The most ambitious end of the spectrum is cognitive architectures — systems that attempt to model the full range of human-like reasoning capabilities. ACT-R and SOAR are the canonical academic examples. They include dedicated modules for declarative memory, procedural memory, perception, and action, all interacting through a central production system.

For LLM agents, the analogous aspiration is a system that:

  1. Maintains structured long-term memory across sessions
  2. Can dynamically acquire new skills (via tool creation or fine-tuning)
  3. Monitors its own reasoning for consistency (metacognition)
  4. Adapts its strategy based on past performance

The most influential modern articulation of this vision is the Generative Agents paper by Park et al. (2023), which demonstrated that GPT-4 agents given memory, reflection, and planning capabilities exhibited believable, emergent social behavior in a simulated environment. The agents didn't just react — they formed opinions, made plans, and revised those plans based on new information.

What This Means for Practical System Design

When you sit down to build an agentic system today, the architecture question is not abstract. It determines:

Latency: Reactive systems are fast. Every additional reasoning step adds latency. If your agent needs to plan a five-step tool call sequence before doing anything, you will feel that in user-facing response time.

Cost: Deliberative steps consume tokens. A cognitive loop that reflects on its own outputs doubles or triples your inference cost. Budget accordingly.

Reliability: More complex architectures have more failure modes. A reactive system has one point of failure; a multi-step planner can fail at the planning stage, the execution stage, the reflection stage, or the synthesis stage.

Debuggability: Reactive systems are easy to trace. Cognitive architectures require structured logging at every node in the graph, or you will spend hours trying to understand why your agent made a particular decision.

My practical recommendation: start reactive, add deliberation where the task demands it, and resist the urge to build the full cognitive architecture unless you have evidence that simpler approaches cannot solve your problem. The frameworks exist to support every point on this spectrum. LangGraph lets you compose arbitrary graphs. AutoGen provides a multi-agent conversation substrate. The Anthropic and OpenAI APIs give you tool use and structured outputs that make reactive-to-deliberative escalation clean to implement.

A Concrete Example: The Escalation Pattern

A pattern I use frequently is a reactive baseline with deliberative escalation. A fast handler node attempts a direct answer using a lightweight model; if the response confidence clears a threshold (say, 0.85), the answer is returned immediately via the reactive path. If not, the graph routes to a planner node that invokes a slower, more capable model with an explicit chain-of-thought prompt, producing a step-by-step plan. An executor node then carries out that plan with tool calls. The routing between these nodes is a simple conditional edge that reads the confidence flag set by the fast handler — below the threshold, it escalates to deliberative; above it, it terminates immediately.

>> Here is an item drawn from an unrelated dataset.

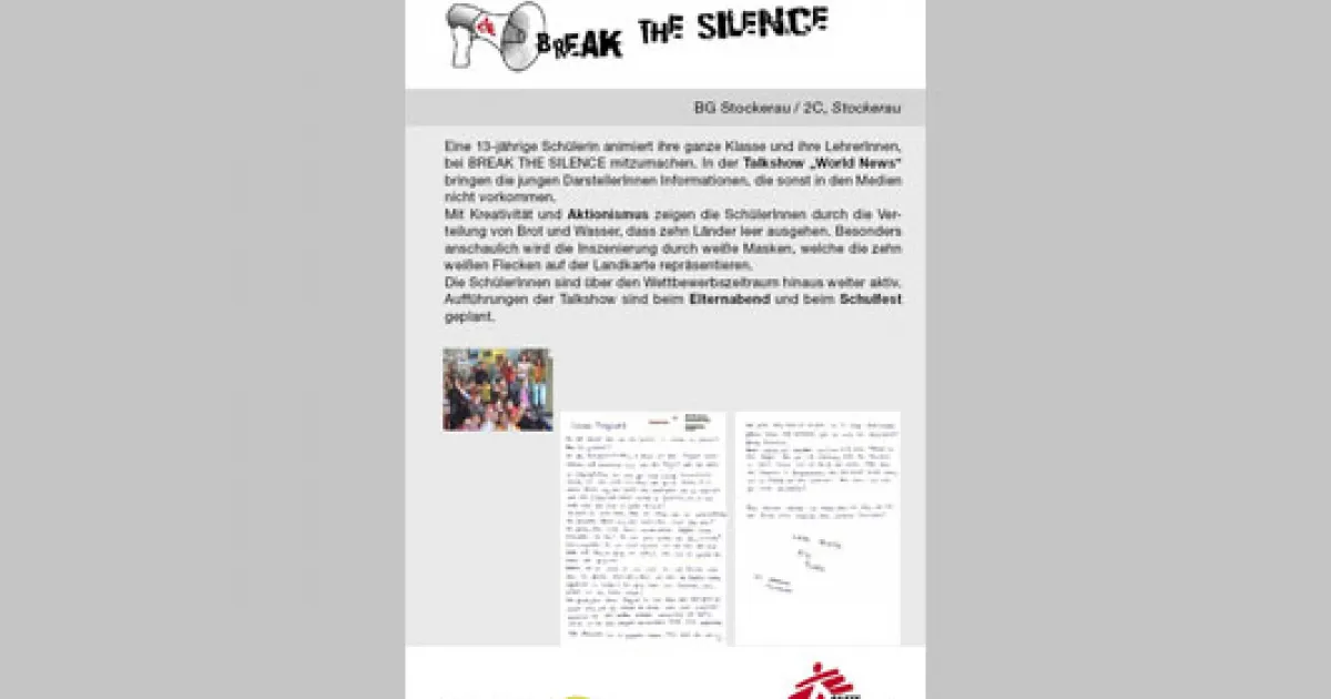 Eine 13-jährige Schülerin animierte ihre ganze Klasse und ihre LehrerInnen, beim Jugendprojekt Break the Silence mitzumachen. In der Talkshow „World News“ brachten die jungen DarstellerInnen Informationen, die sonst in den Medien nicht vorkommen.

LangGraph diagram showing a fast-handler node with a confidence gate, routing either directly to END (reactive path) or onward to a planner and executor (deliberative path)

This is not exotic engineering. It is the application of a 40-year-old architectural insight — the reactive/deliberative hybrid — to the LLM context.

The Road Ahead

The architectures that will define the next few years are not yet settled. We are seeing serious research interest in agents that can modify their own prompts and tools (self-improving agents), agents that maintain persistent world models across very long time horizons, and multi-agent systems where specialization and communication protocols matter as much as individual model capability.

What I am confident about: the teams that understand the underlying architectural principles — not just the framework APIs — will build systems that are faster to debug, cheaper to operate, and more reliable in production. The history of AI is littered with frameworks that came and went. The ideas behind reactive, deliberative, and cognitive architectures have been around for decades for good reason.

Build on the ideas, not just the tools.